» **Assignment**
In the material below, find the line with "Многоцелевая телескопическая штанга" and the line with "giugno 19, 2020". Output exactly those two lines and all lines between them, leaving out pictures.

» **Provided records**
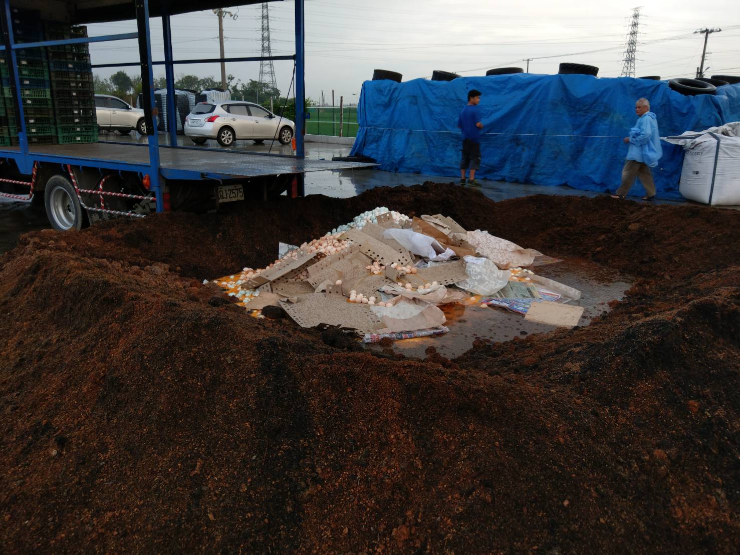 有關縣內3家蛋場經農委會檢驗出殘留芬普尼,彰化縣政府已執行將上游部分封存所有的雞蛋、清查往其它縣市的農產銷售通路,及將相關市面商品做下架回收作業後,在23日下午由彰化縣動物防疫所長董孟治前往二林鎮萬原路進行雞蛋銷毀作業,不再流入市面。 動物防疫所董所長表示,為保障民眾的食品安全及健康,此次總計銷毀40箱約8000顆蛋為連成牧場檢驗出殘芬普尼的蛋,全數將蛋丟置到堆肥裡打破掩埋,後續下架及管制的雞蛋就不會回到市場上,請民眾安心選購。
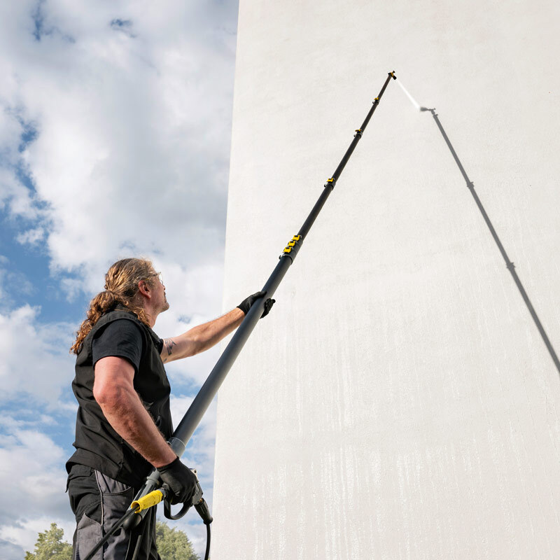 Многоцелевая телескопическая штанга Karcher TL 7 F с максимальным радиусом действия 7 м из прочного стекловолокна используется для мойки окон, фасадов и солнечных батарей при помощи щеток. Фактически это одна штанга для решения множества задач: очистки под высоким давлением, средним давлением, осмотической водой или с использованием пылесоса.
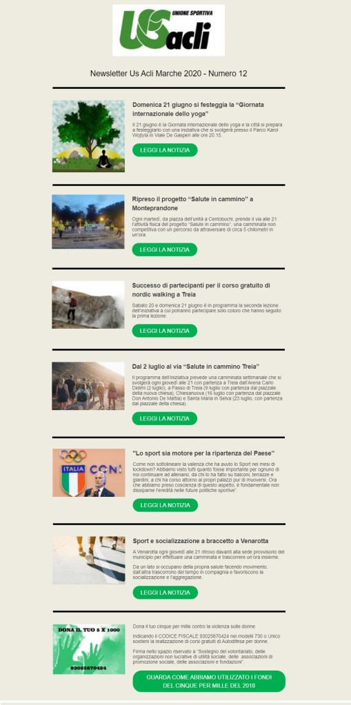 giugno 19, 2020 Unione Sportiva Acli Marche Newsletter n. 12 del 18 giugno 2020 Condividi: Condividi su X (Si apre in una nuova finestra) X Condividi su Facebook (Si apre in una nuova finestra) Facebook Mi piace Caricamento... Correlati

--

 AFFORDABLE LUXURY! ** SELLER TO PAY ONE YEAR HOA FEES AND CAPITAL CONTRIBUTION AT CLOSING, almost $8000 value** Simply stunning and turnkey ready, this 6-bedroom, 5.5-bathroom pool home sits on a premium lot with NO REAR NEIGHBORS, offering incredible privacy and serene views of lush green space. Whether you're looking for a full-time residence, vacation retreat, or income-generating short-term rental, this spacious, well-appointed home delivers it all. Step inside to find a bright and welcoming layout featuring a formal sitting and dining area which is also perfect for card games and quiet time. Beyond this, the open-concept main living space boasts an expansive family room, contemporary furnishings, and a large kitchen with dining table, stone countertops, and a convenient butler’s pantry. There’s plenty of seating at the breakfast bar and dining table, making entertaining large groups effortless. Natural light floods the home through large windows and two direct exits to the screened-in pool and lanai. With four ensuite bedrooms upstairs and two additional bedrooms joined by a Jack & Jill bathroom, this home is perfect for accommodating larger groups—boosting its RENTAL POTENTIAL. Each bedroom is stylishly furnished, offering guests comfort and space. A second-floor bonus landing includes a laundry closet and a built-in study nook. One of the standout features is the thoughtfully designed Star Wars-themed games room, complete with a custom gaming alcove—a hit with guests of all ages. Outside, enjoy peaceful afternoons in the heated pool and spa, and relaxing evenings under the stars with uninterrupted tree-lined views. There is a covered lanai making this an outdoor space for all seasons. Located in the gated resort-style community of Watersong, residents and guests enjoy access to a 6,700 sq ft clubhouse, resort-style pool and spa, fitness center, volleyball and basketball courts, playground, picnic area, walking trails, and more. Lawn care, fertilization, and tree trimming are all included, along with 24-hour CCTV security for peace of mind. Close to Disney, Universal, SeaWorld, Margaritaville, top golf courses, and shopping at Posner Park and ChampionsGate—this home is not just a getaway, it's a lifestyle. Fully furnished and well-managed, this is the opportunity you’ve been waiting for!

» **Response box**
 Многоцелевая телескопическая штанга Karcher TL 7 F с максимальным радиусом действия 7 м из прочного стекловолокна используется для мойки окон, фасадов и солнечных батарей при помощи щеток. Фактически это одна штанга для решения множества задач: очистки под высоким давлением, средним давлением, осмотической водой или с использованием пылесоса.
 giugno 19, 2020 Unione Sportiva Acli Marche Newsletter n. 12 del 18 giugno 2020 Condividi: Condividi su X (Si apre in una nuova finestra) X Condividi su Facebook (Si apre in una nuova finestra) Facebook Mi piace Caricamento... Correlati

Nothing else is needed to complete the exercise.